East and West, in the archaic totems by Greek Polyxene Kasda, as a mantra for the regeneration of nature to recover the ancient relationship between body and spirit. In nature, there is a secret plot by mysterious influences that man, because of microcosm reflecting macrocosm in itself, can enter because he is basically akin to nature as shown in the images of Jean Peterson.
Democritus’s conception of nature as pure matter, can bee seen on the iron sculpture “Tree of infinity” by Salvatore Sava, an aggregation of atoms made up of many circles and magic symbols that interlock to form the structure of a tree that stands to up. Defined bodies of perceived reality and their break-up seems to give back to nature itself its basic elements, in a purely mechanistic phenomenology that does not need anything else to happen. Portions of the sky, land and sea in the works by Kumiko Tamura, Elinore Bucholtz and Krister Paleologos.
Iginio Iurilli, with emphasis on ecological issues through a three-dimensional expression that inspired to create ,since the early ’90s, sculptures and bas-reliefs carved in wood and clay, covered with salt or marble dust or desert sand and sea urchins and large flowers.

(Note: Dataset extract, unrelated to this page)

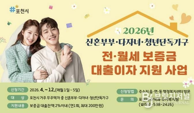 브릿지저널 김경미 기자 | 포천시는 ‘2026년 신혼부부·다자녀·청년가구 전월세 보증금 대출이자 지원사업’을 추진한다.
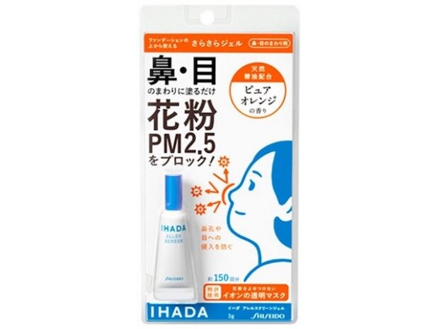 資生堂薬品・IHADA(イハダ)の「アレルスクリーンジェル」は900円(税抜)。鼻や目の周りに直接塗るだけで、花粉やPM2.5を寄せ付けない効果が期待できる商品です。香りはピュアオレンジの香りとユーカリミントの香りの2種類。さらさらのジェルなので、ファンデーションの上からでも使いやすいそう。サイズがコンパクトなので、持ち歩きにもとっても便利です。

Fascinated with blue Giulio De Mitri, who in all his works (installations, light boxes, photographs and video) is constantly researching light. When installing light “flutter”, the artist with sophisticated digital processing recovers the relationship between man and nature, thanks to an operation of alchemy in modern variations of monochromatic blue. A butterfly in the center of a bronze bowl that is projected upward which is a blue sky and sea. The exhibition flows through a path of photographs, paintings, videos and installations, related to the concept of wilderness, through a comparison with nature, allowing man to know and to not lose sight of its limits. Therefore to understand how far one can go in one’s life.